It seemed to me that the fire alarm indicator lamps were placed on an intersection corner different from the actual Fire Alarm Box. Reason may have been, at a distance, if you couldn’t see one – chances are you’d see the other.

S. Saltzman June 1, 2021 - 3:23 pm

The fire alarm lights were switched to the led cylinders because of the radically reduced maintenance costs. The led’s are supposed to last 80,000 to 120,000 hours before depreciating to 70 per cent of their initial lumen output.( Annual burn time on a photoelectric control is about 4200 hours).
During 1981, I noticed that only the top 2/3 of the orange fire alarm globes was illuminated.

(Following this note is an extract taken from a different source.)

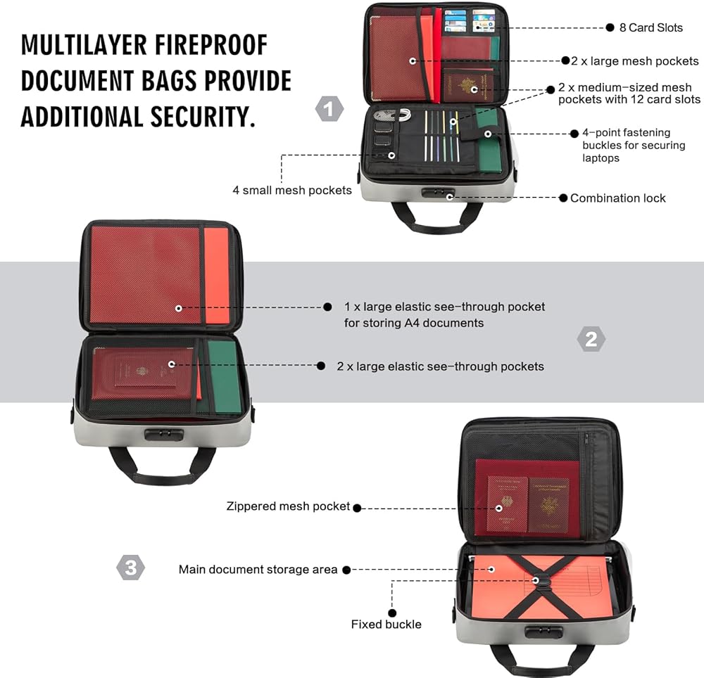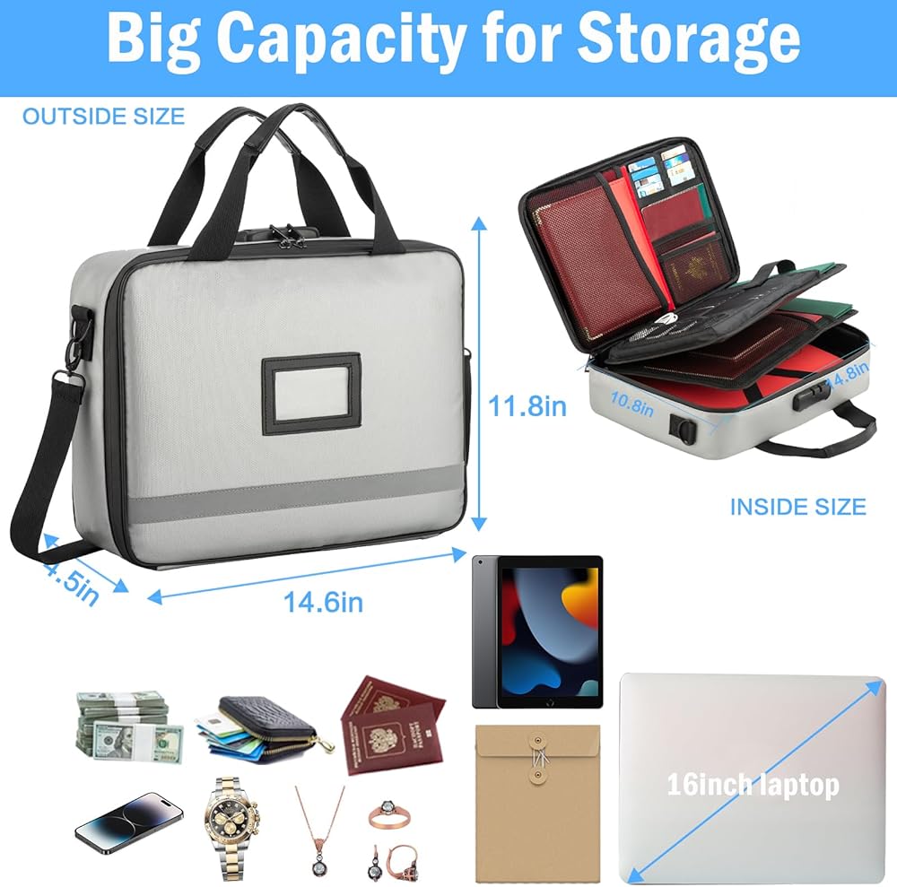 【Waterproof, Secure, and Fireproof Document Storage Bag】: This important document organizer is perfect for keeping important documents, external hard drives, credit cards, gift cards, photos, jewelry, cash, and other items well-organized while ensuring their safety.
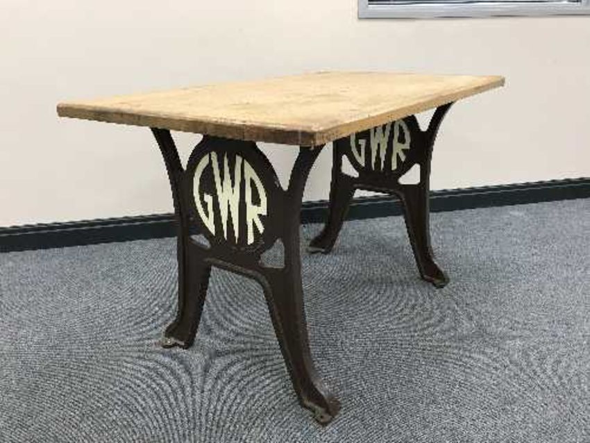 An oak topped kitchen centre table on cast iron legs bearing the initials GWR

I couldn’t figure out what the City had done to produce this effect. Then I encountered a street light pole that had been tapped by a vehicle, resulting in the orange globe being knocked off. The City had installed a 7 watt compact fluorescent lamp with a ballast adapter in each fire alarm light. The standard incandescent lamp previously used was a 32 watt, 3,000 hour multiple street light bulb. This cut the energy use for each fire alarm lamp by almost 70 per cent. The difference of 20 watts may not seem like a great amount, but I believe at that time there were about 16,000 fire alarm lights. The greater savings was in maintenance. Because of the 3,000 hour life of the 32 watt incandescent lamp, each fire alarm fixture was”group relamped” twice a year. The more than 10,000 hour life of the 7 watt compact fluorescent allowed group relamping about every three years.
People may recall the 90’s when funds were short, the City didn’t relamp the fire alarm lights. Because the 7 watt compact fluorescent lamps contain a starter, as they approached the end of their life they would blink on and off until they failed.
Many of the original fire alarm lights have lost their globes, and it is possible to see the ballast adapters and the fluorescent lamps where the vandals haven’t broken them.

Randy T. October 30, 2021 - 8:18 pm

So apparently I have just stumbled into one of these alarm light brackets sans the globe and I would love to make it complete. Are there resources as to where I might find one outside of the ever present ebay?